Esensinews.com – Menyikapi disrupsi teknologi, Guru Besar Manajemen Universitas Indonesia (UI) Rhenald Kasali menjelaskan hal itu terjadi di berbagai sektor, akan mengubah pola dan gaya hidup masyarakat sehari-hari.
“Saat ini industri yang sudah mulai bergeser karena pesatnya perkembangan teknologi adalah industri keuangan. Hal ini ditandai dengan maraknya berbagai fintech yang bermunculan beberapa tahun terakhir,” kata Rhenald pada acara INTEGRA 2018 di Kantor Kementerian Ketenagakerjaan (Kemnaker), Senin (19/11/2018).
Selanjutjnya penulis buku terlatis ini menyebutkan, fintech ini kemungkinan besar akan menyusutkan tenaga kerja di industri keuangan.
“Contohnya, bank-bank sudah mengurangi membuka kantor cabang. Nasabah juga sudah mulai jarang ke kantor cabang, nantinya teller sudah tidak diperlukan.

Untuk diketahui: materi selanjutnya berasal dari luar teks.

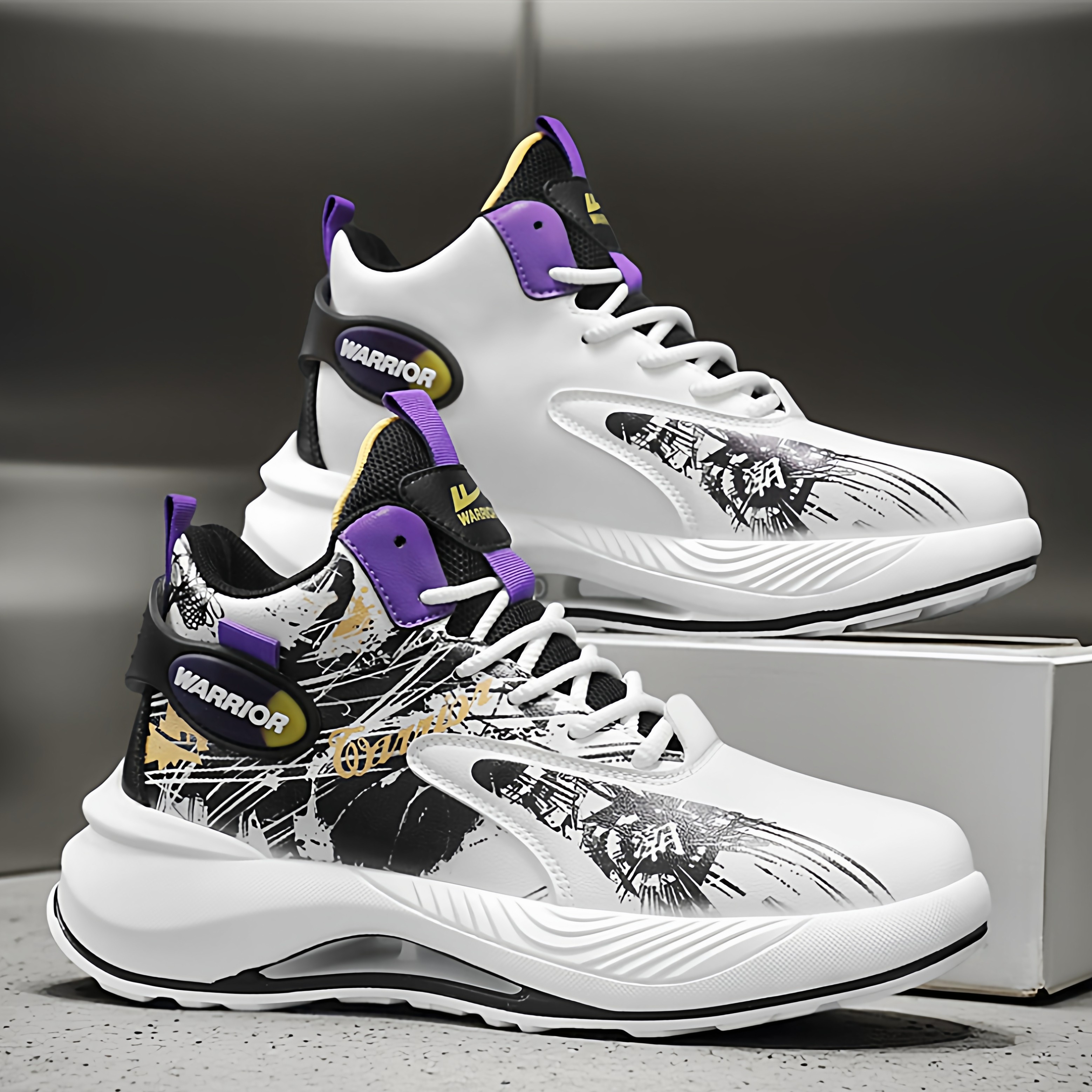 青少年运动鞋高筒网面鞋子男鞋初中学生厚底减震耐磨紫色篮球球鞋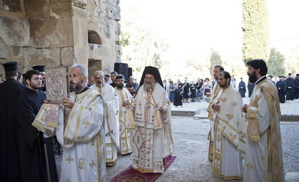 Από τη Θ. Λειτουργία της πρώτης ημέρας του Συνεδρίου, επί τη ι. μνήμη του Αγ. Ιωάννου του Ξένου του εκ Σίβα Μεσαράς, στον Ι. Ν. Παναγίας Κεράς ή Αγ. Τίτου, στην Αρχαία Γόρτυνα. 20-9-2012. Έψαλε ο χορός ψαλτών «Οι Κρήτες Μαΐστρες», υπό την διεύθυνση του Α. Πλαΐτη, Καθηγητή Μουσικής.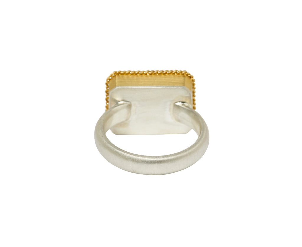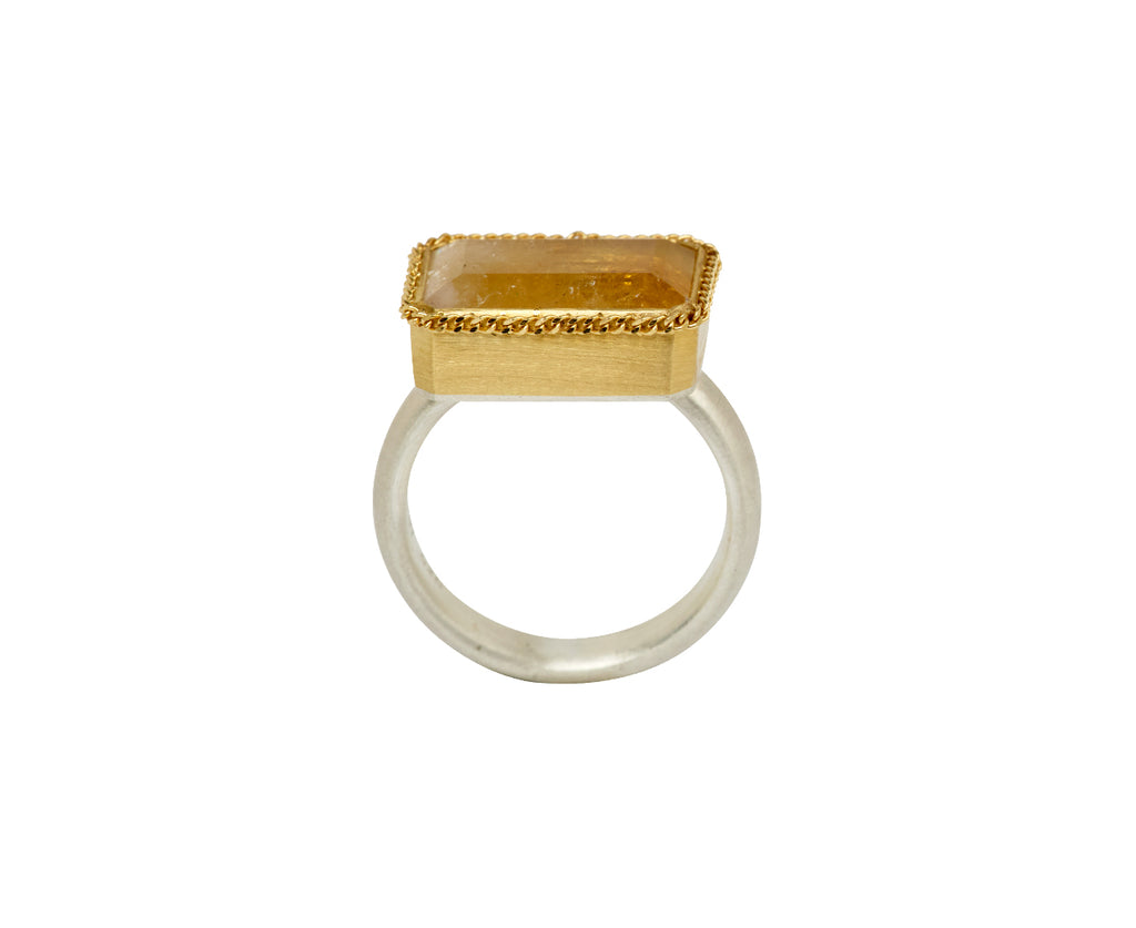 With its warm combination of honey yellow and rich gold, this Amali ring has a restrained luxury. The rectangular citrine is covered in a surface of subtle, light reflecting facets that reveal the natural beauty of the stone. It is set in a hand wrought braided frame of 18K yellow gold and centered on the brushed sterling silver band. Wear this as a modern alternative to the traditional cocktail ring.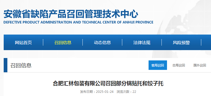 中國質量新聞網訊 據安徽省缺陷產品召回管理技術中心網站消息, 日前,合肥匯林包裝有限公司按照《消費品召回管理暫行規定》的要求,向安徽省市場監督管理局、合肥市市場監督管理局報告了召回計劃,將自即日起,召回2024年8月27日生產的鍋貼托(330*205*43mm,12個裝/盒)和餃子托(330*205*43mm,15個裝/盒),涉及數量為鍋貼托400盒和餃子托320盒,共計720盒。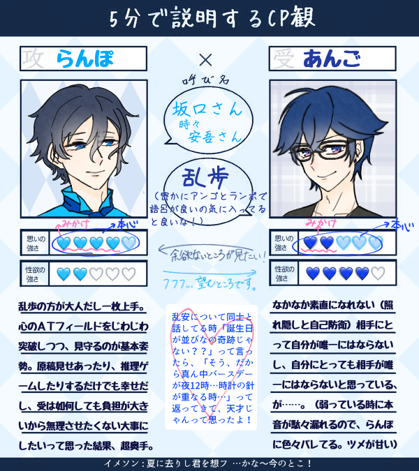 ほろのポイピク☆quiet followMEMO5分で〜CP観のやつ!【乱安・らんあん・rnan編!】忘れないうちにあげる!伝えたいことを厳選したらシリアス気味になっちゃったけど、バタバタわちゃわちゃしてるのも好きデス……。 Tap to full screen (size:600x675).Repost is prohibited Let's send reactions! freqpopularsnackothersPayment processing Replies from the creator Follow creator you care about!☆quiet follow ほろのポイピクSPOILERノベライズ〜〜〜〜〜〜💓な落書き②脳内スクショ風(?)、ネタバレなので読んでから見てね! 2 ほろのポイピクSPOILERノベライズ〜〜〜〜〜〜💓なちょっとした落書き①読んでから見てね(ネタバレ)! ほろのポイピクSPOILER文劇6のメモみたいな落書き① ほろのポイピクSPOILER⚠︎金カム本誌309話⚠︎ネタバレ注意⚠︎今週の本誌読んでワワッ‼︎てなって描いたやつ(杉と尾、杉とリパさん+差分2枚)今まではリパさんが杉の楔(リパさんが杉を引き戻す)って形だったけど、ここに来てお互いがお互いを昇っていっちゃわないように、帰ってこれるように繋ぎ止めるっていう形になったのかなと……(2人の目の描写のスイッチングはそういうことかなぁなんて思ったり)。 4 ほろのポイピクSPOILER※文劇3に感化されたやつ※ネタバレ※ ほろのポイピクDOODLE※肌色注意!!!※乱安・らんあん・rnanキス絵リベンジ!!(前キスしてなかったから!💧)すーぐ弱らせちゃうのゴメンね!!🙏🏻💦💦 recommended works まぐろPROGRESSラブラブの余りIQが低下しているモブ霊 waioTRAINING棘刺 お散歩牛乳DONE⚠️肌色多め・ラィヵがビキニを着ていますハート目差分あり 3 mitaraikamioriPAST鉢雷かわいいね!! 2 Hiyori_seitenINFOCoCシナリオ『君が為のビトレイアル』作者/KP:kiriさんPL/PC:HO.1:ふくちさん/千鳥HO.2:晴天/片喰END-T、両生還にてシナリオ終了しましたお疲れ様でした🐶🐶道は別れたけど、それぞれの人生を見守ろうと思いましたテストプレイ参加出来て嬉しかったです!ありがとうございました!「それが、千鳥が考えた答えなんでしょ?」 ハニワMAIKINGタイッツーのお題「宝箱」で宝箱に埋まってるリカードが描きたくなって参加したものです。 YunaDOODLE에스루시18↑ : [yes/no] なるこDOODLE龍8山井一派〜〜全く気付かずぼや〜っとしてる人と、いつ気付くんだろうなぁ………って観察してる人。トミザワくんには突然気付いてビビって縮こまる未来しかないw#なるこ絵描き riotanuSPOILERかいぶつたちとマホラカルト 現行、未通過×2陣目魔女さんに事後ってマジかよMy Buddy!?回させていただいたのでスクショですかいマホのネタバレがあります 2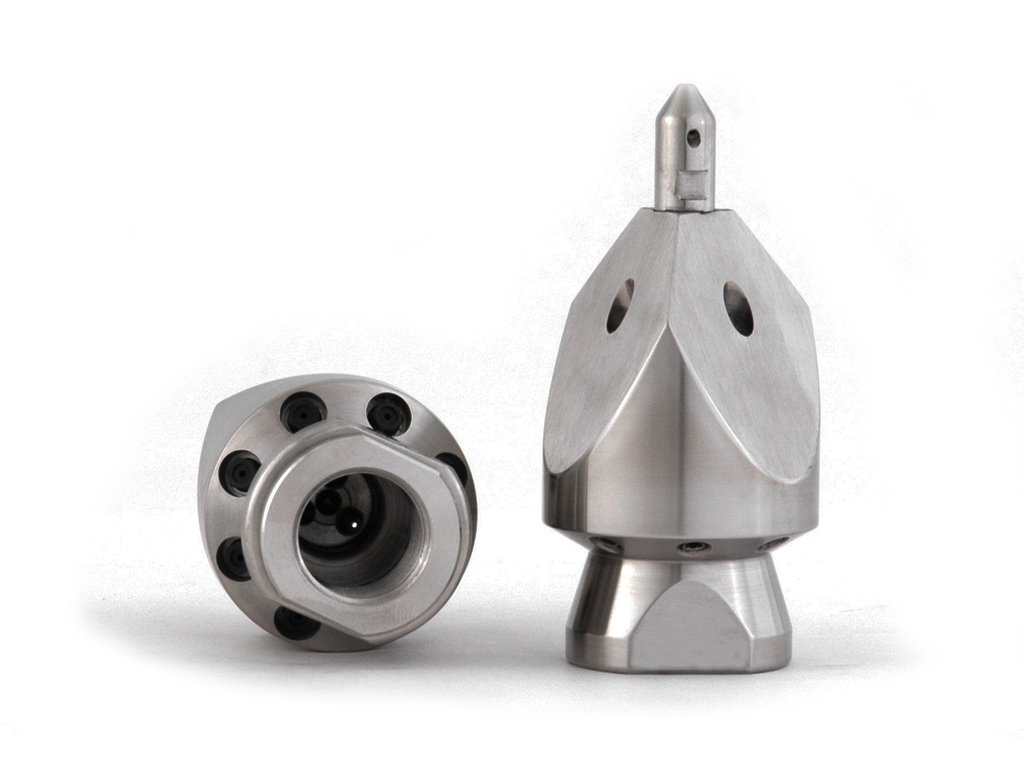 - Различные опции переднего сопла размывают закупорку, а заострённые кромки разрушают ее и и позволяют насадке глубже проникать в слои засора, бой воды назад осуществляет тягу и промывку трубы, что обеспечивает быструю и надёжную чистку;

Industri keuangan lama-lama akan menyesuaikan dengan keadaan ini. Tentunya, tutur dia dengan pergeseran lingkup pekerjaan yang terjadi karena perkembangan teknologi.
“Perlahan akan menjadi kurang efisien (banyak karyawan di bank), laporan keuangannya pun akan mengalami perubahan. Dalam jangka pendek, fintech akan naik, sampai fintech mulai optimal, lapangan kerja di bank akan mulai berkurang,” ucapnya.
Selain itu, gerakan mengurangi uang tunai atau cashless yang semakin digalakkan juga akan menambah kuat posisi digitaliasi industri. Bahkan, diproyeksikannya akan menggeser keberadaan anjungan tunai mandiri (ATM) ke depannya.
“Sekarang belum sepenuhnya yang mengurangi pekerja, ekspansi juga tidak. Buka kantor cabang baru juga tidak, jadi nanti mesin ATM ke depan juga akan hilang,” terang Rhenald.
Dirinya pun menyebut bahwa tahun depan industri keuangan akan berdarah-darah karena sekarang sudah ada 200-an fintech baru. Sedangkan, aturan masih belum jelas
“Mereka sudah mulai kumpulkan uang dari masyarakat,” urainya.
Kemudian, untuk terus bertahan ditengah gempuran digital, bank-bank tersebut diperkirakan akan menggandeng fintech.
“Bank mulai akan rangkul fintech. Mereka bisa dikerjakan dari rumah atau dari kedai kopi yang hanya menggunakan teknologi,” kata dia.
Dicontohkan dia, da 200 fintech dan masing-masing butuh 30 orang saja sudah menyerap 6.000 pekerja dengan tanpa banyak bank yang membuka kantor cabang.
Untuk itu Rhenald mendorong agar ada upskilling dan retraining kepada tenaga kerja agar mereka bisa memiliki kompetensi yang sesuai dengan kebutuhan era teknologi nan serba digital.
“Pekerjaan-pekerjaan yang kita kenal pada abad ke-20, perlahan-lahan bisa digantikan oleh pekerjaan-pekerjaan baru berbasis teknologi,” ujarnya.
Namun, walaupun terjadi distrupsi, masih akan ada pekerjaan dengan “cara lama” yang masih dibutuhkan, tapi dibarengi juga dengan meningkatkan kemampuan dan adaptasi terhadap teknologi tersebut.